[Dataset excerpts]
■ ■ ■ ■ ■

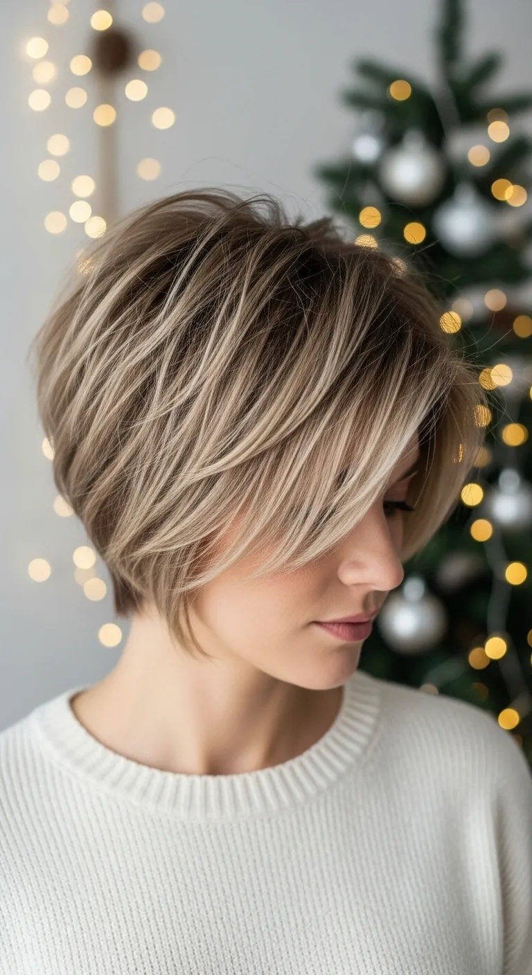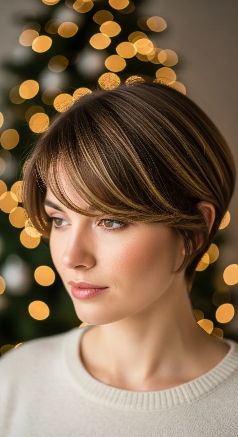 Soft fringe frames your face gently and looks lovely in holiday photos. Smooth the fringe with a flat iron, then sweep it slightly to one side. Use a touch of serum for shine. Keep the rest of your pixie textured for balance. Add a small holiday accessory if you want. This style works with casual sweaters and dressy outfits alike.
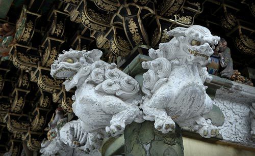 其实整个二社一寺共有42座建筑,其中29座装饰有各种风格的雕刻图案,这些图案共有5147种样式。从日本艺术史的重要性上来看,阳明门的确很著名。大门的每一面几乎都装饰了精美绝伦的雕刻图案,有玩耍的儿童、云彩、牡丹、松木、翠竹;以及日本杏树、凤凰、仙鹤、野鸭;还有瀑布、乌龟、大象、野兔等等;另有一对有皮毛的猛虎、中国狮子以及象征王权的传统标志——龙。
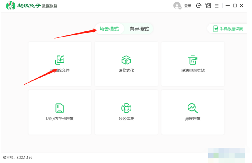 1、首先我們可以進入到軟件的頁面中,可以看到頁面上有【場景模式】和【向導模式】。
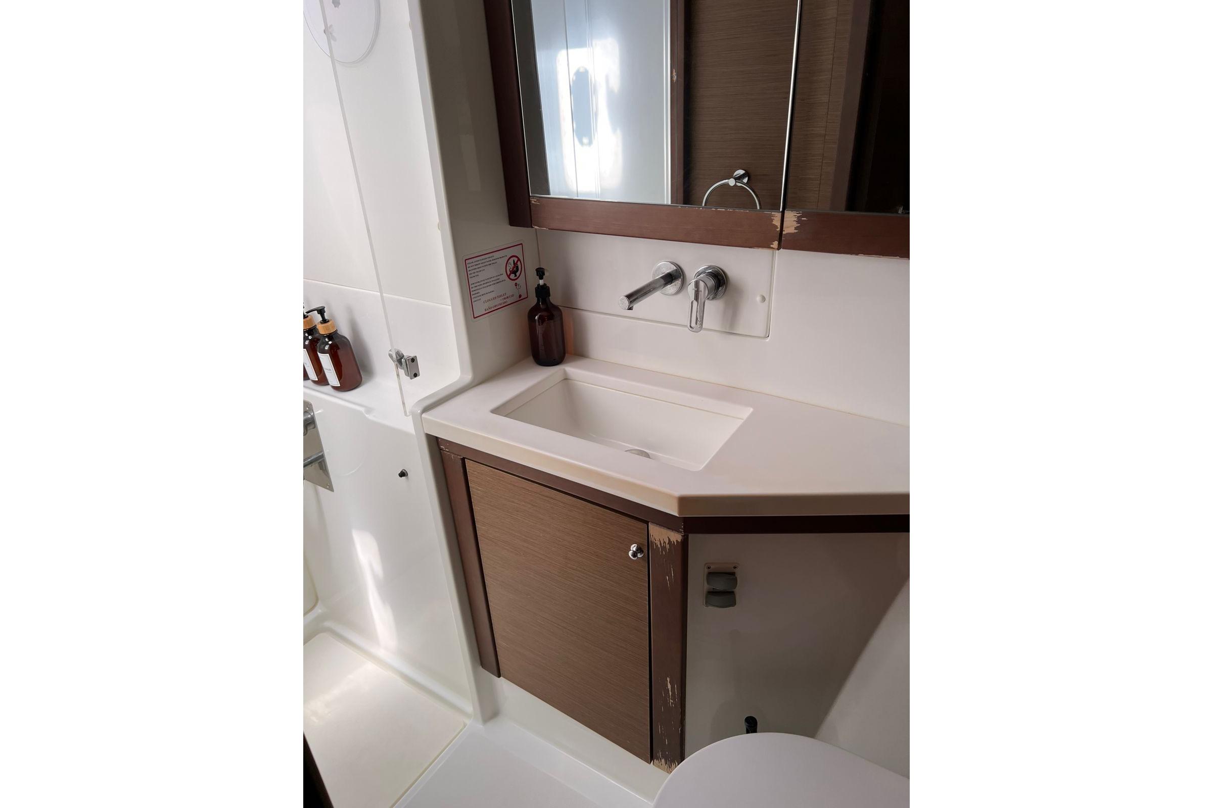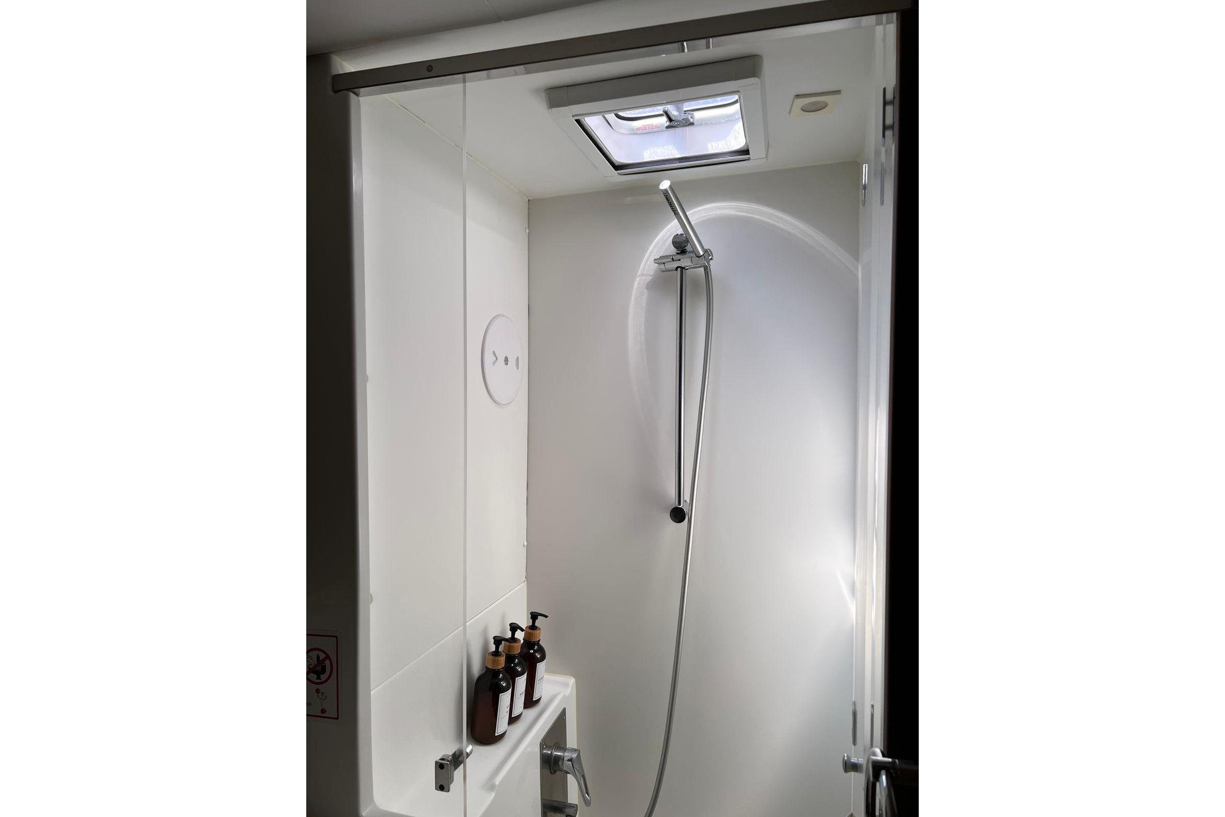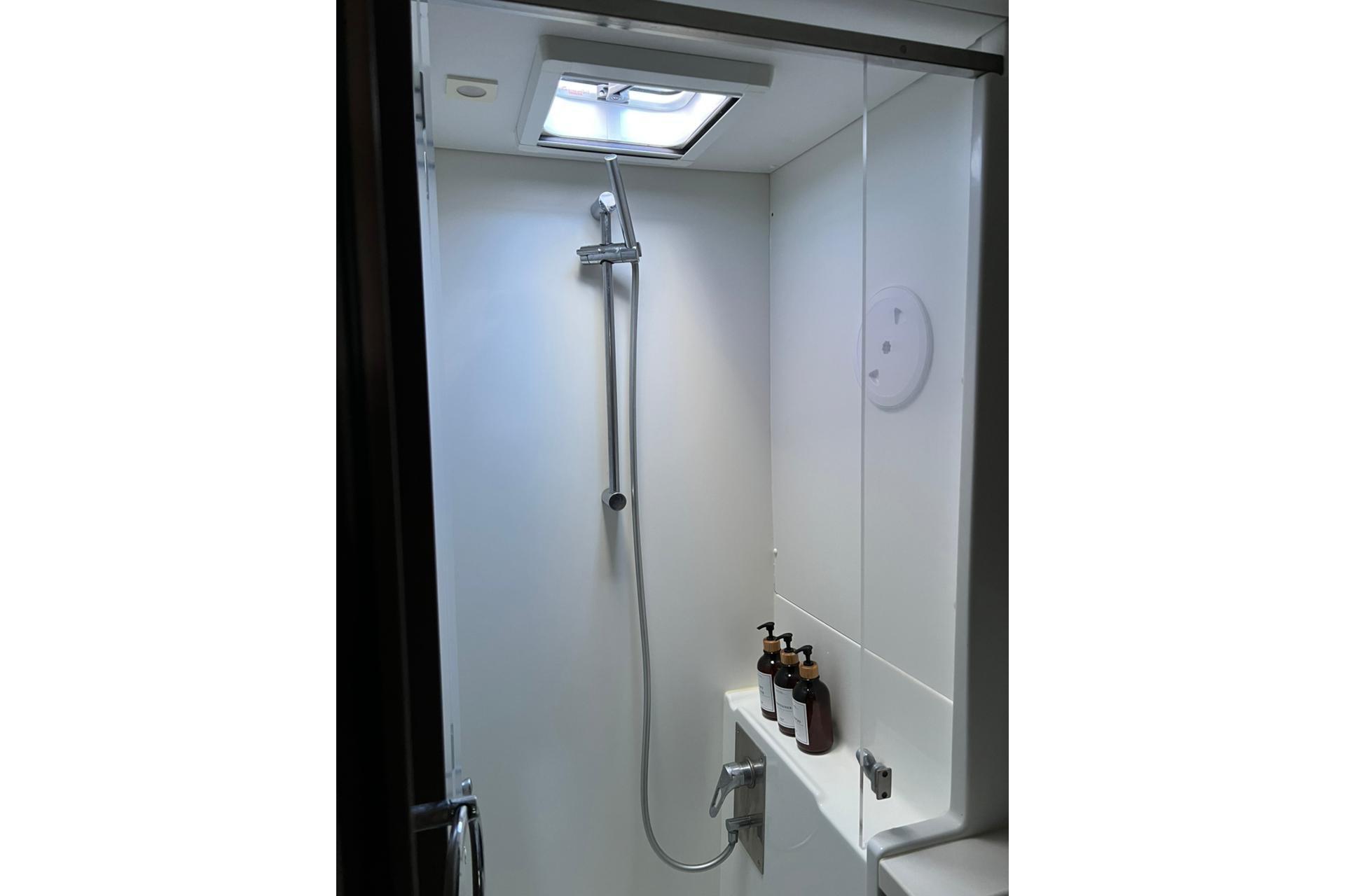 ● 4 Cabin / 4 Head layout, all cabins identical in size and fitted with independent enclosed showers (dry heads).
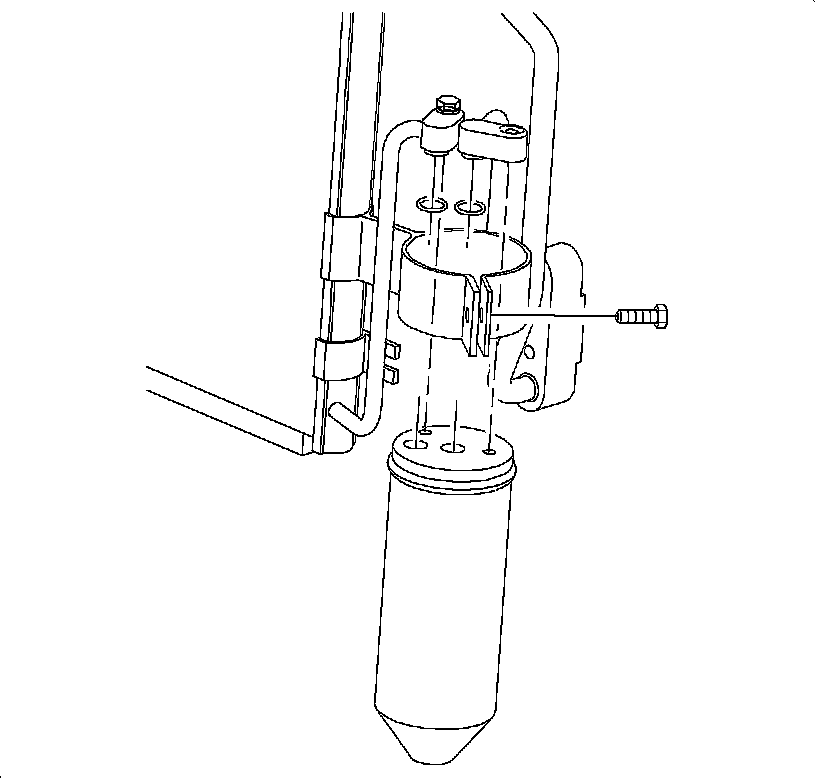 3. Loosen the receiver dehydrator clamp bolt and remove receiver dehydrator.
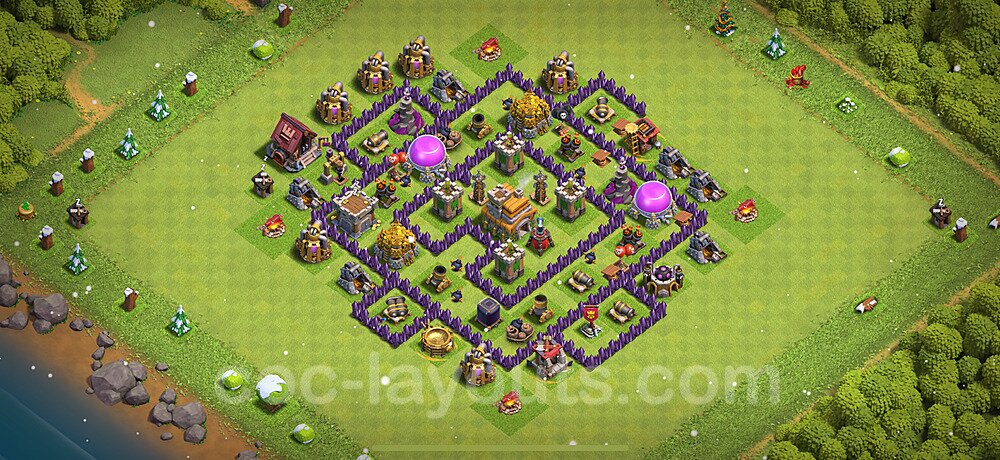 This Town Hall 7 hybrid base offers the best of both worlds - strong resource protection combined with effective trophy defense. The versatile design makes it an excellent choice for players who want to protect their loot while maintaining their trophy count. This balanced approach ensures you don't sacrifice one aspect of defense for another, making it ideal for active players across all league levels. The hybrid layout features centralized resource storages alongside a well-protected Town Hall, with multiple defensive layers that deter both farming raids and trophy pushers. High-value targets are strategically positioned within overlapping defense ranges, forcing attackers to make difficult choices about which objectives to prioritize. The compartmentalized design prevents attackers from easily achieving both loot destruction and the Town Hall kill in a single attack. Defense placement in this hybrid base creates strong coverage against both ground and air attacks. Inferno Towers, X-Bows, and Eagle Artillery work in concert to eliminate threats quickly, while splash damage defenses like Wizard Towers and Bomb Towers counter swarm strategies. The base's funnel-resistant design and strategic trap placement make it effective against popular attack strategies including QC LaLoon (Queen Charge Lava Hound Balloon), Blizzard attacks, and Yeti Smash compositions.
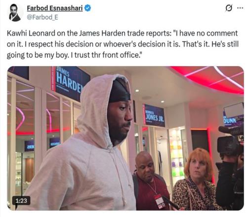 ESPN名記Shams隨后發(fā)文確認(rèn)消息真實(shí)性,同時(shí)跟進(jìn)表示哈登與快船雙方都在討論能否在交易截止日前離隊(duì),并且雙方都在尋找感興趣的下家進(jìn)行討論。
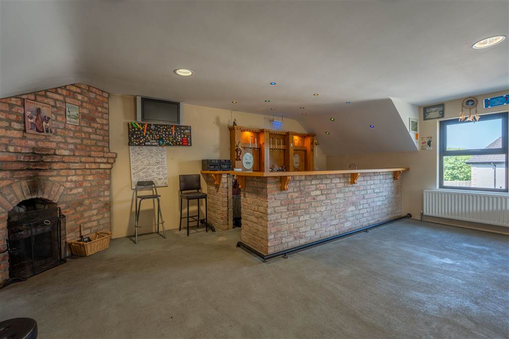 With roller door. Side pedestrian door. Power, light and heating. Two cloakrooms with LFWC. Stairs leading to games room/bar.
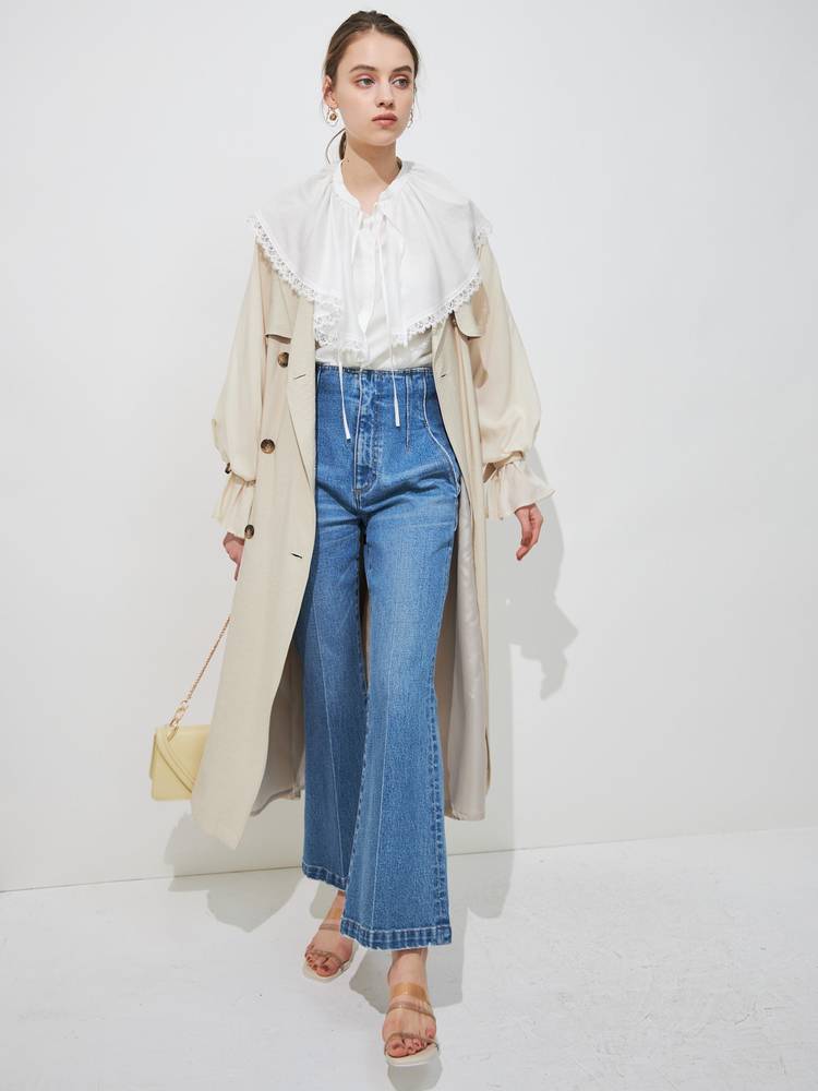 トレンドのボリュームラッフルは、合わせたジャケットやトレンチなどから襟を出して着こなすのが今年っぽいスタイリング。
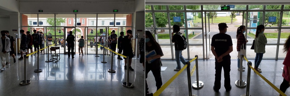 2020年8月31日上午8:00,新學年開學伊始,學院副院長夏素霞、教務處及各教學單位相關負責同志一行來到教學樓前,與同學們共同迎接新學期的到來。學院分別在教學樓進出口張貼了警示標志和距離標簽,做到進出有序、出入分開。入口兩側都配備了溫控監測儀,師生進出教學樓需要掃描識別身份并測量體溫。2019級師生掃描通過后相繼進入教室。8:30上課鈴聲響起,同學們間隔坐好,回歸到正常的課堂學習中來,上好2020年的“第一堂”課。
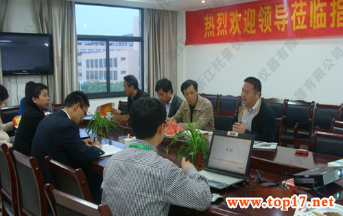 首先,朱旭華經理圍繞了我公司的發展現狀及我公司產品及技術的發展狀況進行展開介紹。朱經理先后介紹了公司的發展歷程、公司所獲得榮譽、公司的科技團隊,公司生產的主要產品以及我公司所取得的產品著作權和產品專利,讓各位領導對托普儀器公司有了一個全面的了解。
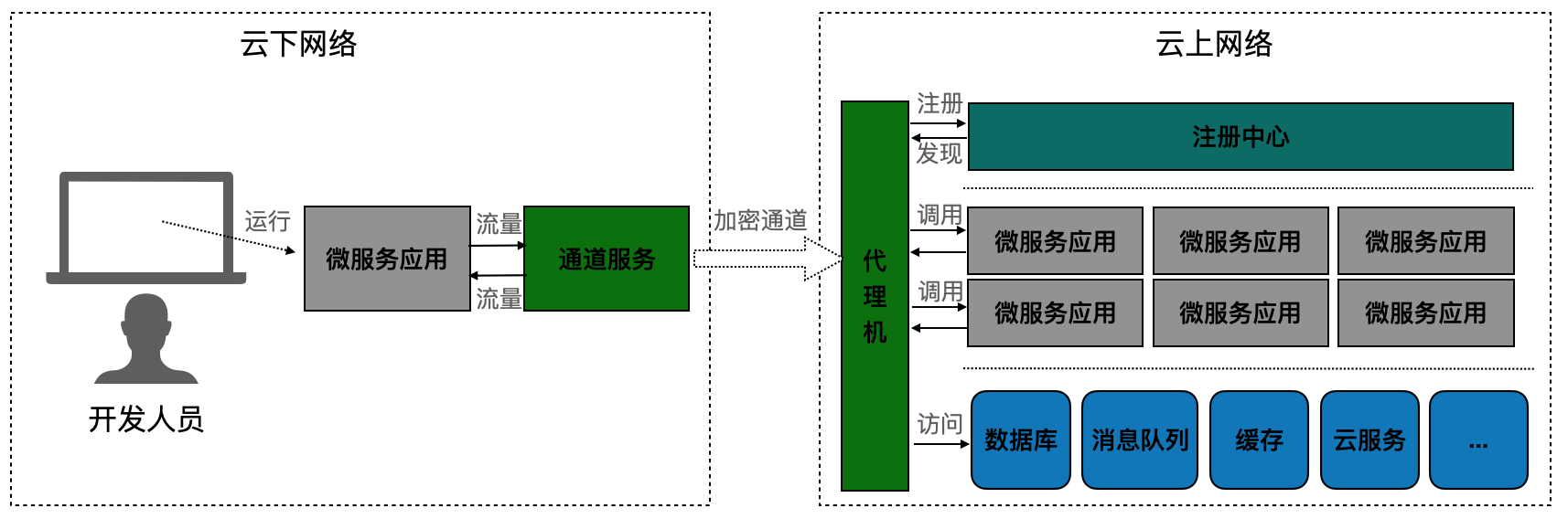 但事情并不是一帆风顺的。应用上云已是历史大潮不可阻挡,但随之而来开发者很快就体会到上云的另一面:由云上和云下网络不通所带来的开发体验割裂感。在上云之前,开发者可以在本地完成代码开发、测试、联调等开发流程闭环;而上云之后,数据库、缓存、消息队列和其他微服务应用都部署在云上的虚拟网络之中,我们再无法在本地完成开发流程。
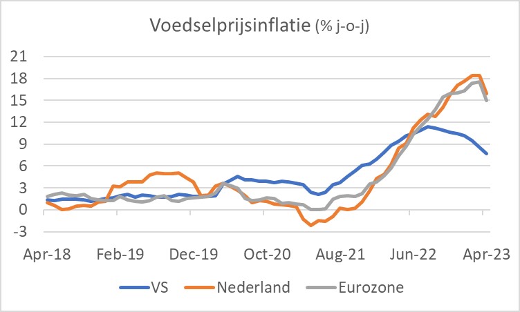 De voedselprijsinflatie daalt eindelijk. In ons eigen land zijn de voedselprijzen in april zelfs iets gedaald, al zal dat niet direct tot euforie leiden. Gelet op de ontwikkeling van de Europese gasprijzen en de wereldmarktprijzen voor agrarische grondstoffen ligt een verdere en forse verdere daling van de voedselprijsinflatie de komende maanden in het verschiet.
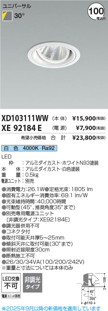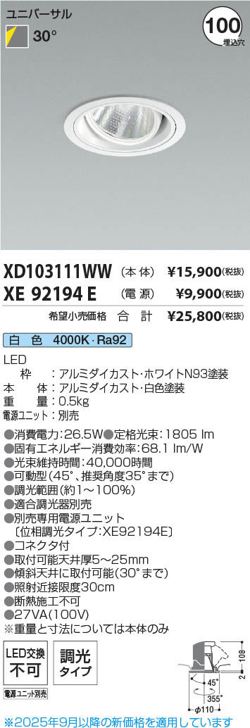 Koizumi コイズミ照明 LEDユニバーサルダウンライト 本体 XD103111WW
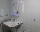 2 лоджии. Большая комната (24 кв. м.): телевизор, холодильник, стол, стол письменный, зеркало, 2 шкафа. 2-е медицинские кровати, 2 прикроватные тумбочки, 2 настенных бра. Санузел совмещенный, сантехника спецализированная: душ, раковина, унитаз.
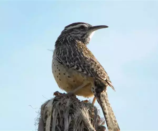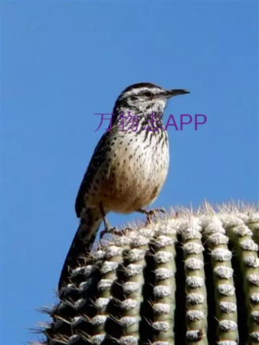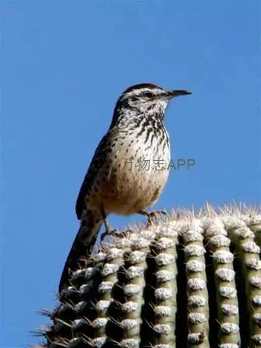 5、棕曲嘴鹪鹩墨西哥高原亚种(学名:Campylorhynchus brunneicapillus guttatus)

■ ■ ■ ■ ■

# What needs to be done
Reproduce only the lines from the first line of the entries through the line containing "3. Loosen the", exactly and with both ends kept. Omit the pictures.

# Written reply
 Soft fringe frames your face gently and looks lovely in holiday photos. Smooth the fringe with a flat iron, then sweep it slightly to one side. Use a touch of serum for shine. Keep the rest of your pixie textured for balance. Add a small holiday accessory if you want. This style works with casual sweaters and dressy outfits alike.
 其实整个二社一寺共有42座建筑,其中29座装饰有各种风格的雕刻图案,这些图案共有5147种样式。从日本艺术史的重要性上来看,阳明门的确很著名。大门的每一面几乎都装饰了精美绝伦的雕刻图案,有玩耍的儿童、云彩、牡丹、松木、翠竹;以及日本杏树、凤凰、仙鹤、野鸭;还有瀑布、乌龟、大象、野兔等等;另有一对有皮毛的猛虎、中国狮子以及象征王权的传统标志——龙。
 1、首先我們可以進入到軟件的頁面中,可以看到頁面上有【場景模式】和【向導模式】。
 ● 4 Cabin / 4 Head layout, all cabins identical in size and fitted with independent enclosed showers (dry heads).
 3. Loosen the receiver dehydrator clamp bolt and remove receiver dehydrator.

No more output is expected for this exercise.